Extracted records
============

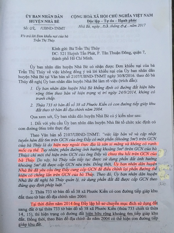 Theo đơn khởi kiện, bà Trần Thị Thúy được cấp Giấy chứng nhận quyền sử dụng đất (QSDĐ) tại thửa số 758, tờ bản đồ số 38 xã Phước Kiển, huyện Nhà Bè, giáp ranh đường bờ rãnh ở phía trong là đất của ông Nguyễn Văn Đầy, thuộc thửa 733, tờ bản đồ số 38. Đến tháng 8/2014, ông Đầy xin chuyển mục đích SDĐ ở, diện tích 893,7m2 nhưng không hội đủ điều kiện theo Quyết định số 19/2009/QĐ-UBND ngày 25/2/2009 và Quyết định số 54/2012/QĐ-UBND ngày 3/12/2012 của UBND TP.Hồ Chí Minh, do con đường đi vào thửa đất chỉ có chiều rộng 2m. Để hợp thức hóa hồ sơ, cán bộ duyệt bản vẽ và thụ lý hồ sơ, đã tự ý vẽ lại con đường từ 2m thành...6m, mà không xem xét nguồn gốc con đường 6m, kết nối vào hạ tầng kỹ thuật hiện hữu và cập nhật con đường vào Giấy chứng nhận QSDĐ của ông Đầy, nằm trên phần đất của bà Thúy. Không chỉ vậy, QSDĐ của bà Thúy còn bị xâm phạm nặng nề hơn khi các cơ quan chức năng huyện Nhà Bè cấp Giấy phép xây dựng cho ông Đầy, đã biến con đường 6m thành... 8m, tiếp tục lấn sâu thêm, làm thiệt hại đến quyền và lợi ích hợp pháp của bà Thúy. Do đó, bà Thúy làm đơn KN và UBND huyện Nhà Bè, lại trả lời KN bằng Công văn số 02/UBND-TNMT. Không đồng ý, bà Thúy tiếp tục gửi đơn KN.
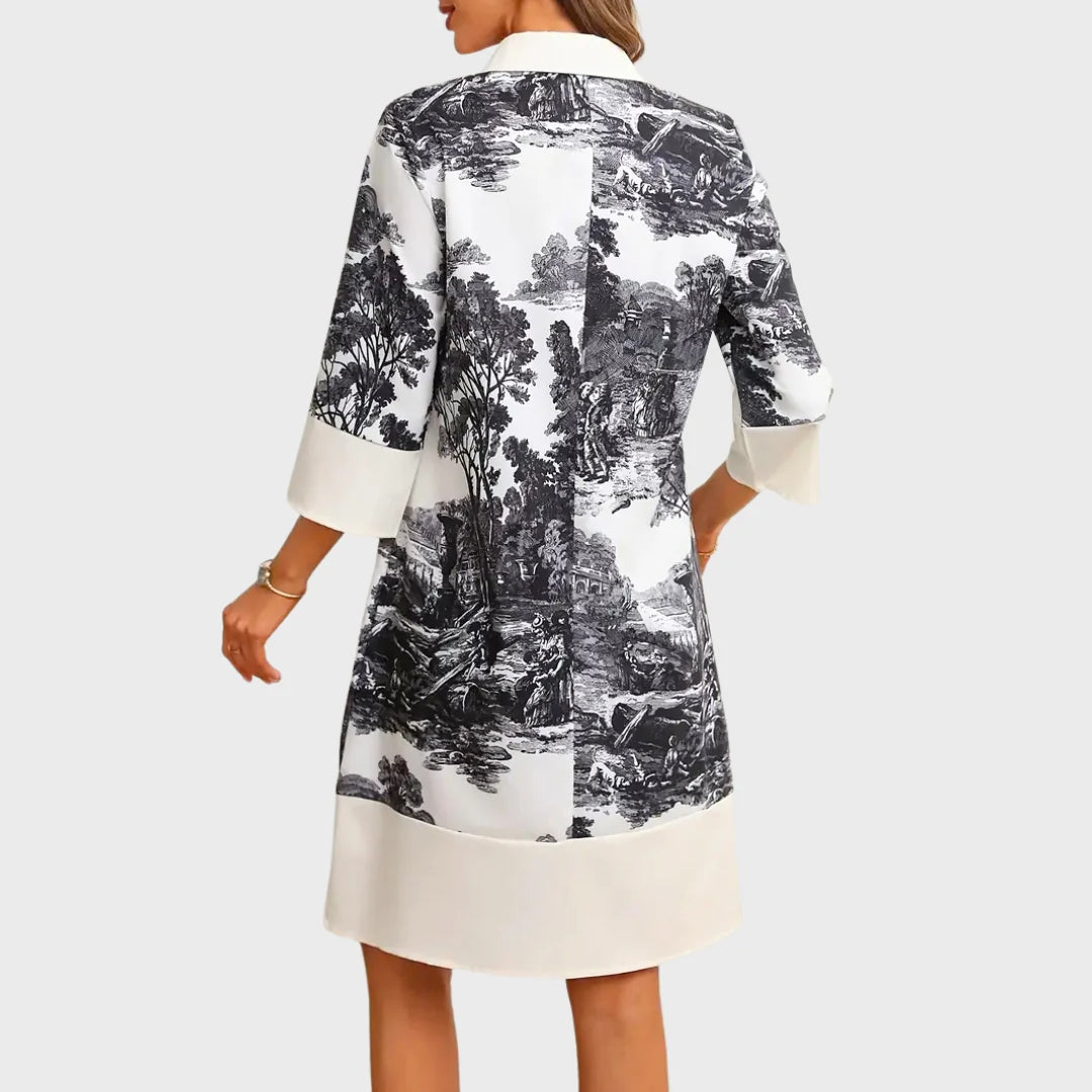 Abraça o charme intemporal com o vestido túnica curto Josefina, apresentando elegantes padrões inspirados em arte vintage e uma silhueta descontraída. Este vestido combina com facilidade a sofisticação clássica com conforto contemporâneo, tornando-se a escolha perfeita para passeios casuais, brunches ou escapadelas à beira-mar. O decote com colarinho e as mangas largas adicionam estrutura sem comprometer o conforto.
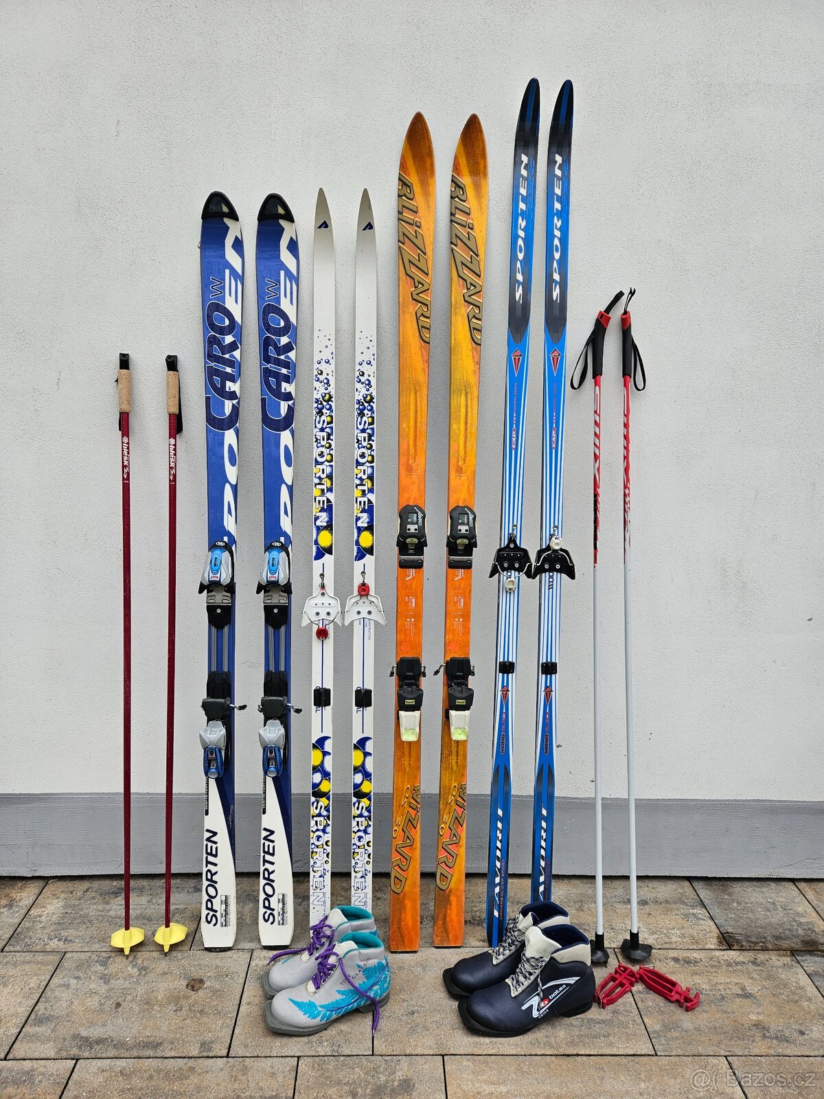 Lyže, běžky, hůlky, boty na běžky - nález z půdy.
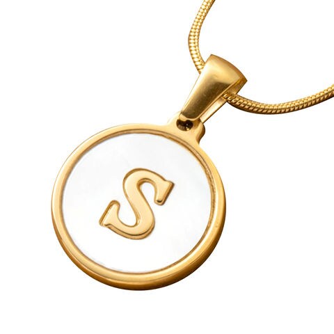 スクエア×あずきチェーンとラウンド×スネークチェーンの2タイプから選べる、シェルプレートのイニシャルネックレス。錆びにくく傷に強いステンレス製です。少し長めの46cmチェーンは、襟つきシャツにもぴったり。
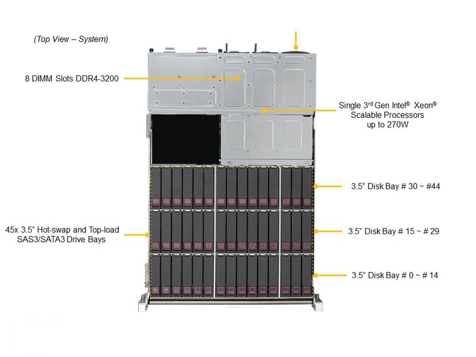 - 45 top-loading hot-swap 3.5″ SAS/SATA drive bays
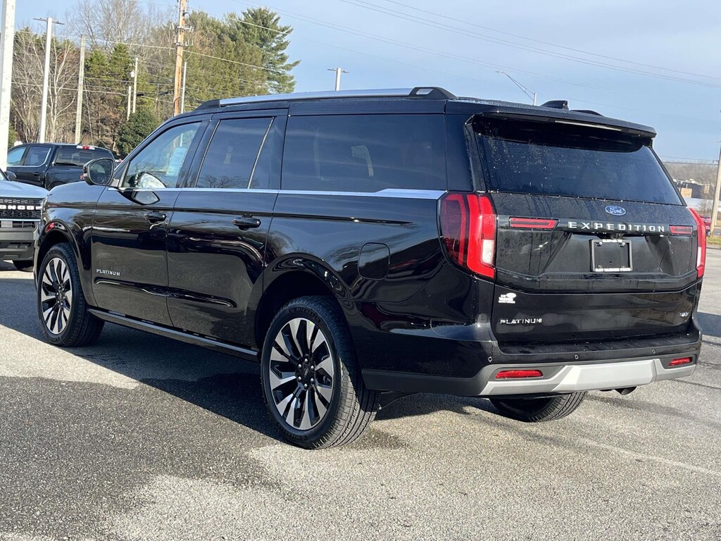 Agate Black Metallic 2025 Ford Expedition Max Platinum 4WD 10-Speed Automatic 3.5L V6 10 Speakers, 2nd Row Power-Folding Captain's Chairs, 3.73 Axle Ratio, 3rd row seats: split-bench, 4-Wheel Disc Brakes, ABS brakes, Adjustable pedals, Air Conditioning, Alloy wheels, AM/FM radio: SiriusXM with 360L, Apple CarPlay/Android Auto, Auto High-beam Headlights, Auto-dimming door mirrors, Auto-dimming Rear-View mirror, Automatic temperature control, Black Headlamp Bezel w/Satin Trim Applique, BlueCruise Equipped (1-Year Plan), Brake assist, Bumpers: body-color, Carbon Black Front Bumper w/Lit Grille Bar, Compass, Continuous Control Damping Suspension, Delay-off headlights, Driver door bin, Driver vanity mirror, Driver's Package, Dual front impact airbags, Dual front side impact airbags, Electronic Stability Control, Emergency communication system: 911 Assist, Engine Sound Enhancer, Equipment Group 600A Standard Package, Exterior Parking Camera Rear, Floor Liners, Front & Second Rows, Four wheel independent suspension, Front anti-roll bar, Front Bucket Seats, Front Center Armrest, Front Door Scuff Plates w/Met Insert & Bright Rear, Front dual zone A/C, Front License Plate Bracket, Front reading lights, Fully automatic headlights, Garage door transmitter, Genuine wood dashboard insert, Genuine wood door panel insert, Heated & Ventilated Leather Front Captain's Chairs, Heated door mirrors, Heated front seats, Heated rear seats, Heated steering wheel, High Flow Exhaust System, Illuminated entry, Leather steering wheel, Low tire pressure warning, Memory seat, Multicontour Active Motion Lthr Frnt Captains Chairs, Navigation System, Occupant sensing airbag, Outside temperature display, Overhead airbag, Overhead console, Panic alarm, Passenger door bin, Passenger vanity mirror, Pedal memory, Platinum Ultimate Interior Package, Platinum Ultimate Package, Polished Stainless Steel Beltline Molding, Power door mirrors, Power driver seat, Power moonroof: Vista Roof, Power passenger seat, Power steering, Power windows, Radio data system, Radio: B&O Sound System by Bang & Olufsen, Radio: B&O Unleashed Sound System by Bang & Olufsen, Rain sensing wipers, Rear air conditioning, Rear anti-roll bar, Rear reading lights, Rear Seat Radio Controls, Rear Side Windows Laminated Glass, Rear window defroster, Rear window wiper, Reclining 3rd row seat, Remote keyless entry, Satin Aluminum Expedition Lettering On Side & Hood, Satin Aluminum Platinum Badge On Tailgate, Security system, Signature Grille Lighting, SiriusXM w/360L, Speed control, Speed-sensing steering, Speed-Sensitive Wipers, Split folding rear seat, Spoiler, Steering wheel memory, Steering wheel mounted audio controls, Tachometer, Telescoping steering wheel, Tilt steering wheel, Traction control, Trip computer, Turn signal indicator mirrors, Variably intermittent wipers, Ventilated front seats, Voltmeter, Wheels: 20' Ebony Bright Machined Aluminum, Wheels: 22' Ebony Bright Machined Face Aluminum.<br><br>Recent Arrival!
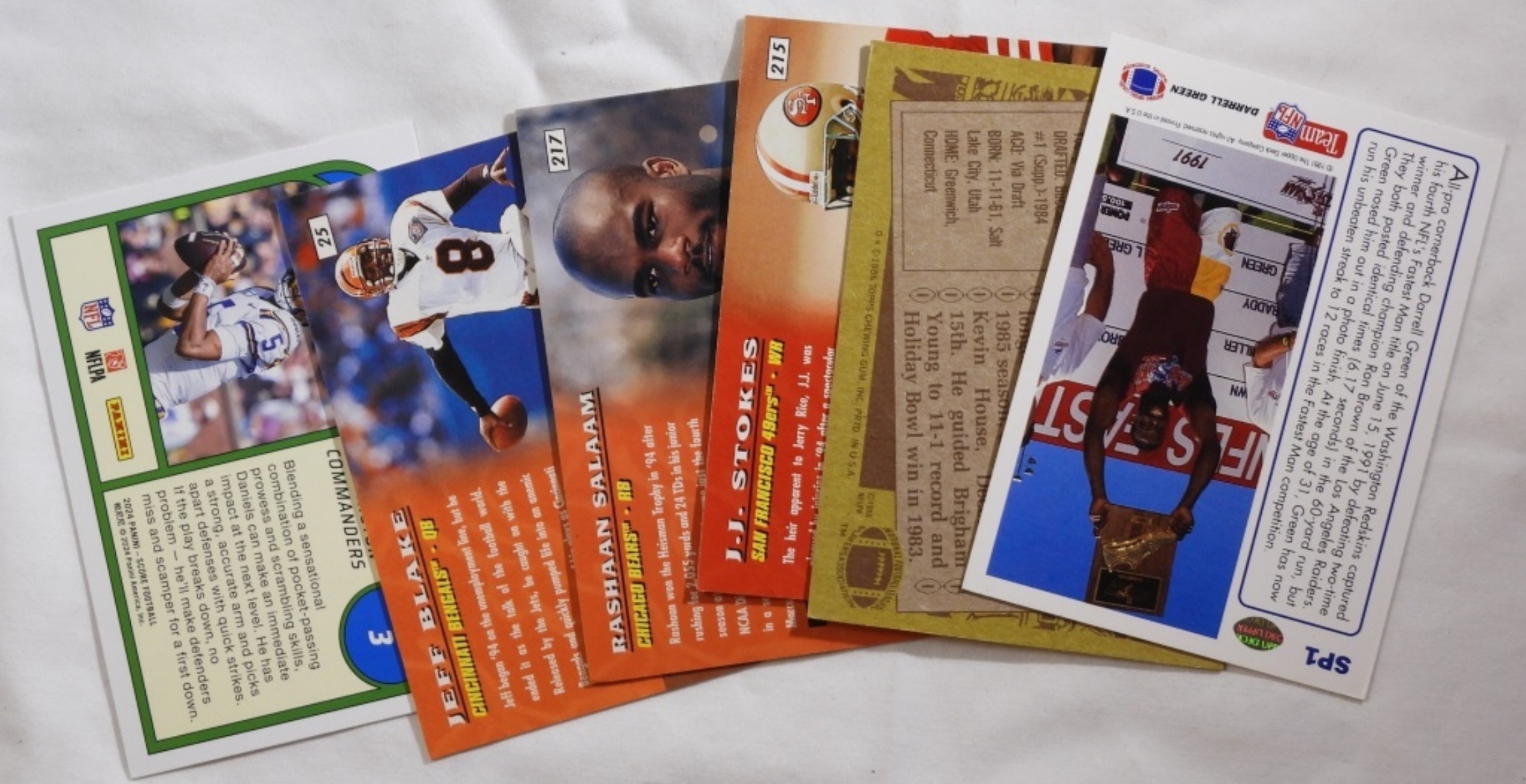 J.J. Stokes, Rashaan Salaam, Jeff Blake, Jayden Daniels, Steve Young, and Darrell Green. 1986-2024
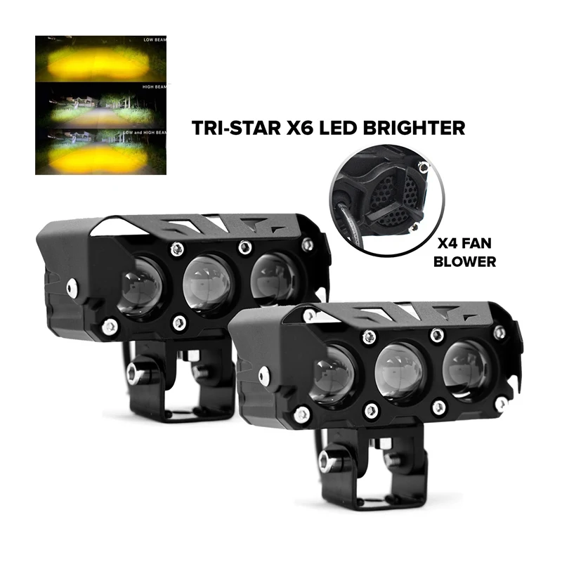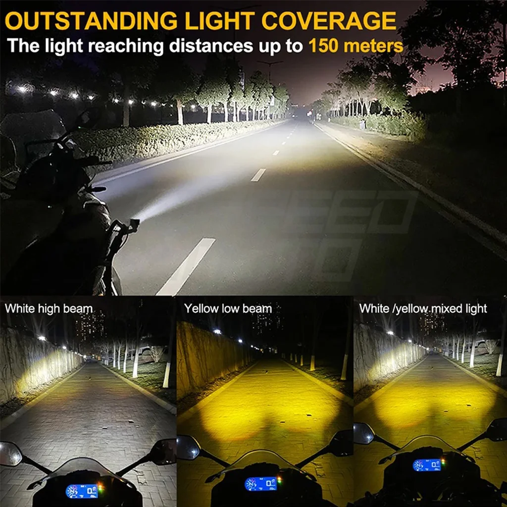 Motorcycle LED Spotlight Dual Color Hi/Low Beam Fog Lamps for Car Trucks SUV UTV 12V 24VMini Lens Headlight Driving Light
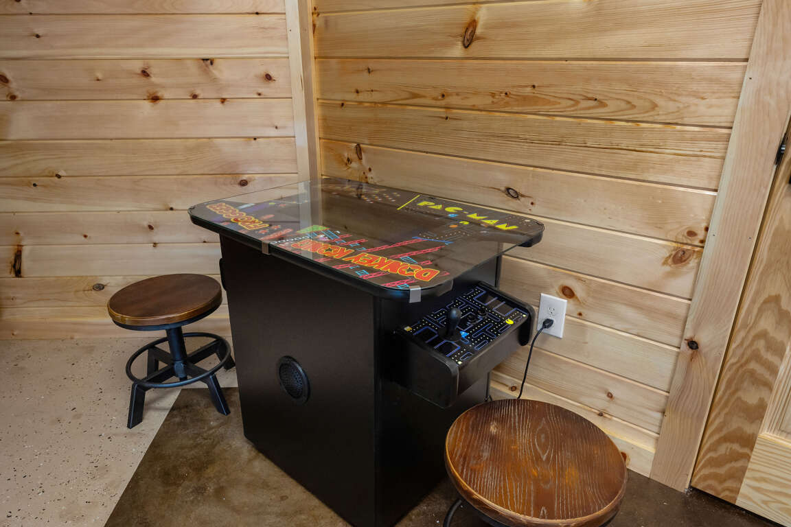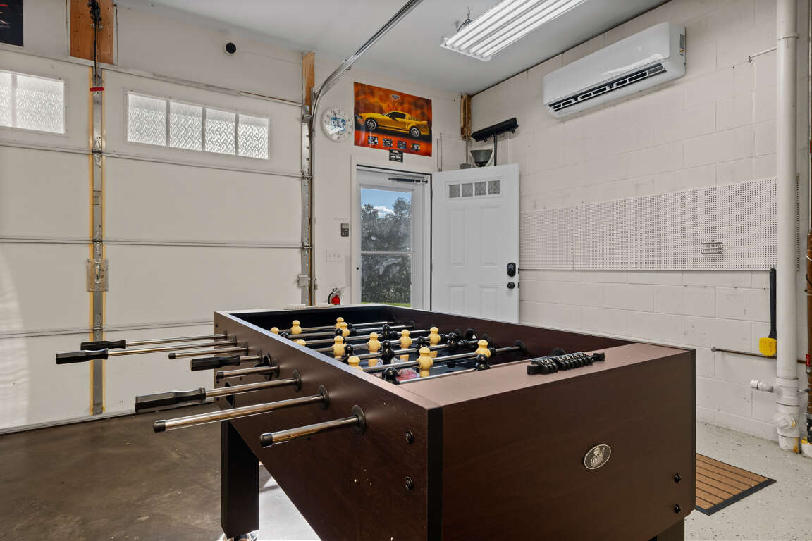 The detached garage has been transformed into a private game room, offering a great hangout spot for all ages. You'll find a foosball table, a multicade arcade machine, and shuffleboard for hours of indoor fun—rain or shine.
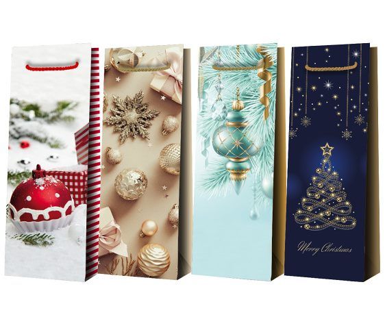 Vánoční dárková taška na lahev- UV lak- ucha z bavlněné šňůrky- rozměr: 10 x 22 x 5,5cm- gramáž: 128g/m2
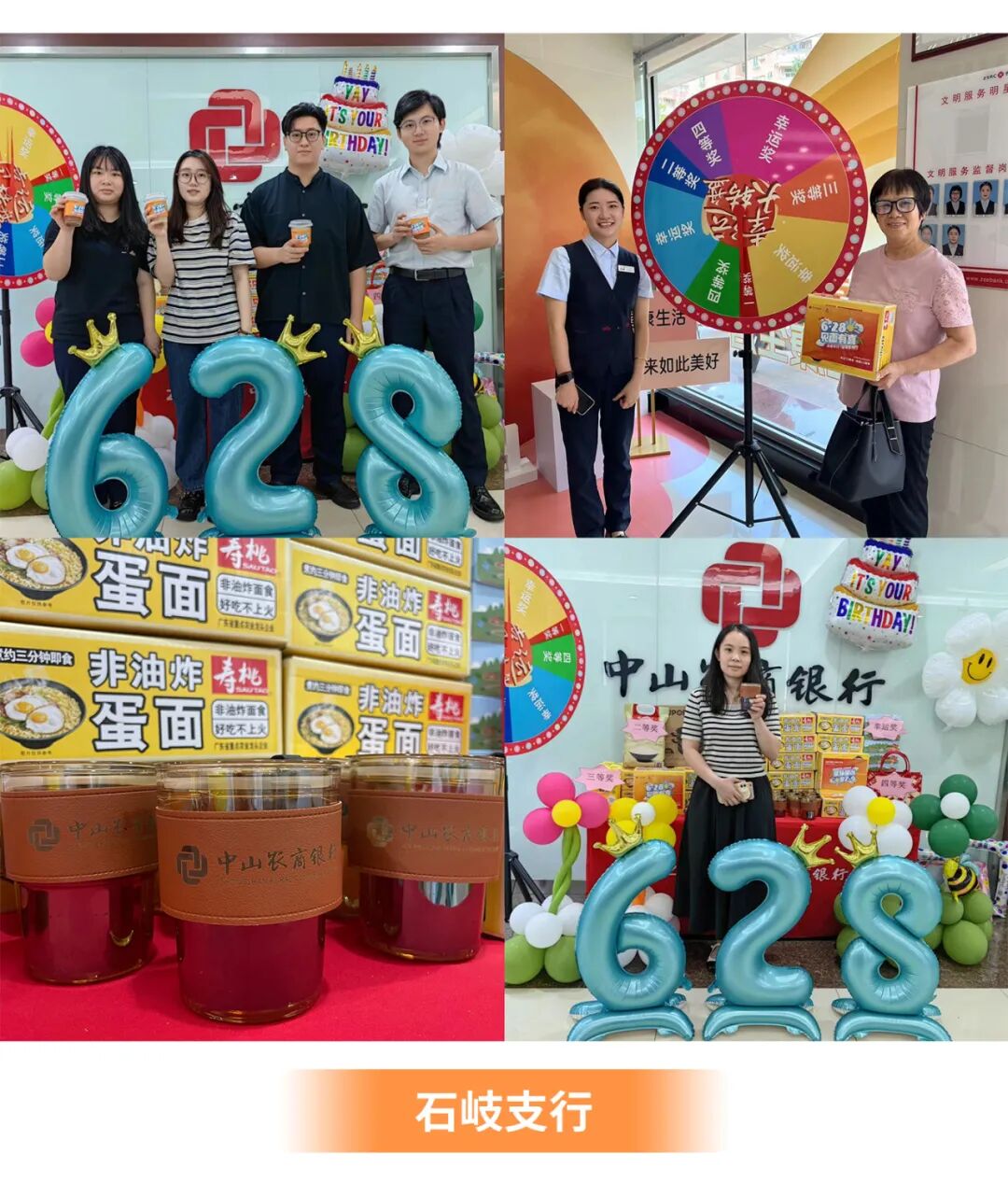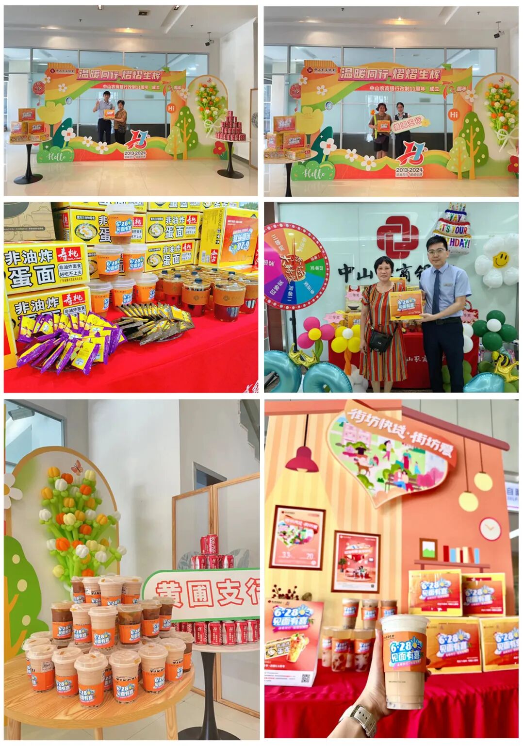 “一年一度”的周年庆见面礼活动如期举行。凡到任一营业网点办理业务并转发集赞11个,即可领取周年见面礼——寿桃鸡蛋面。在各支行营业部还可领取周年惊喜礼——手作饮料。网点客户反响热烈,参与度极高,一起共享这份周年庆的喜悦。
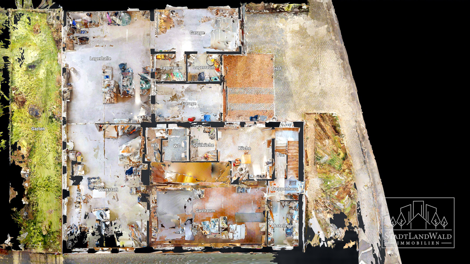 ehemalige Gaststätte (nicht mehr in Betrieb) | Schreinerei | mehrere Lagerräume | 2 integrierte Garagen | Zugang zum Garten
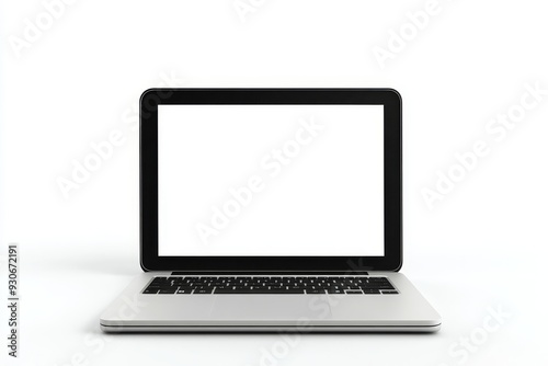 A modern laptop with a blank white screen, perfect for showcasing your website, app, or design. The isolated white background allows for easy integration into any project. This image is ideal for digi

============

Repeat exactly, and only, the entries from the line with "Abraça o charme" through the line with "- 45 top-loading". Pictures are skipped.

▸ **ANSWER FOR THIS EXERCISE**:
 Abraça o charme intemporal com o vestido túnica curto Josefina, apresentando elegantes padrões inspirados em arte vintage e uma silhueta descontraída. Este vestido combina com facilidade a sofisticação clássica com conforto contemporâneo, tornando-se a escolha perfeita para passeios casuais, brunches ou escapadelas à beira-mar. O decote com colarinho e as mangas largas adicionam estrutura sem comprometer o conforto.
 Lyže, běžky, hůlky, boty na běžky - nález z půdy.
 スクエア×あずきチェーンとラウンド×スネークチェーンの2タイプから選べる、シェルプレートのイニシャルネックレス。錆びにくく傷に強いステンレス製です。少し長めの46cmチェーンは、襟つきシャツにもぴったり。
 - 45 top-loading hot-swap 3.5″ SAS/SATA drive bays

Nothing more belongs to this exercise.